Der Pandemieplan sieht vor, dass die Notaufnahmen melden, wenn eine Häufung bestimmter Infektionskrankheiten auftritt. Dan werde sich der Arzt an seine Vorgesetzten wenden, die gegebenenfalls eine Reihe von Maßnahmen auslösen und zum Beispiel mehr Ärzte und Pflegepersonal in den Dienst rufen – ein Vorgehen ganz ähnlich wie zum Beispiel bei einem Massenunfall.

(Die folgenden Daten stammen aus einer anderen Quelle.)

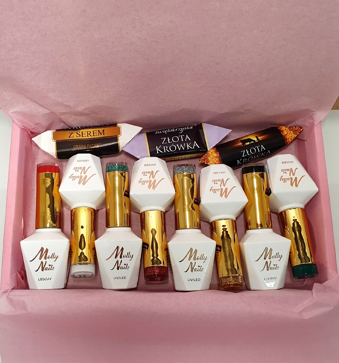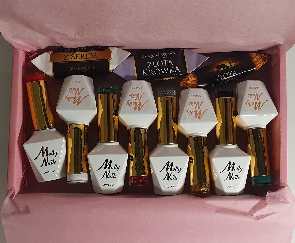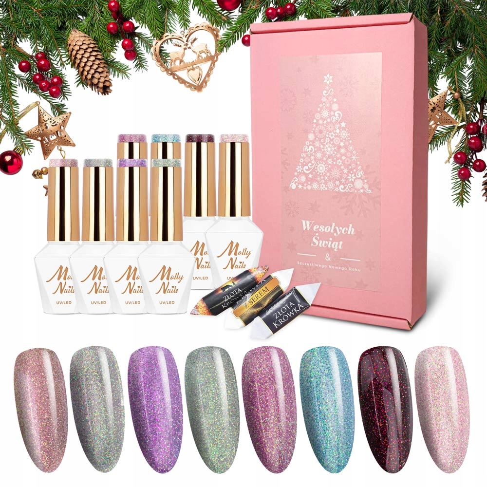 Molly Nails Shocking Shine Świąteczny zestaw do paznokci hybrydowych lakiery holo 8 sztuk + słodkości gratis

Da kranke Menschen ins Krankenhaus gehen, besteht natürlich immer die Gefahr der Übertragung von Krankheiten in den Kliniken insbesondere in den Notaufnahmen.  Zuletzt hatte der Kreis wie berichtet nach dem Auftreten von Masernerkrankungen mögliche Kontaktpersonen gesucht, die auf die infizierten in einer der Notaufnahmen getroffen waren.

Zwei neue Masernfälle

Nach Informationen dieser Zeitungen, die der Kreis offiziell noch nicht bestätigen wollte, sind inzwischen zwei weitere Masernfälle in der Ortenau aktenkundig geworden. Kreissprecher Kai Hockenjos verwies in diesem Zusammenhang auf eine geplante Pressemitteilung.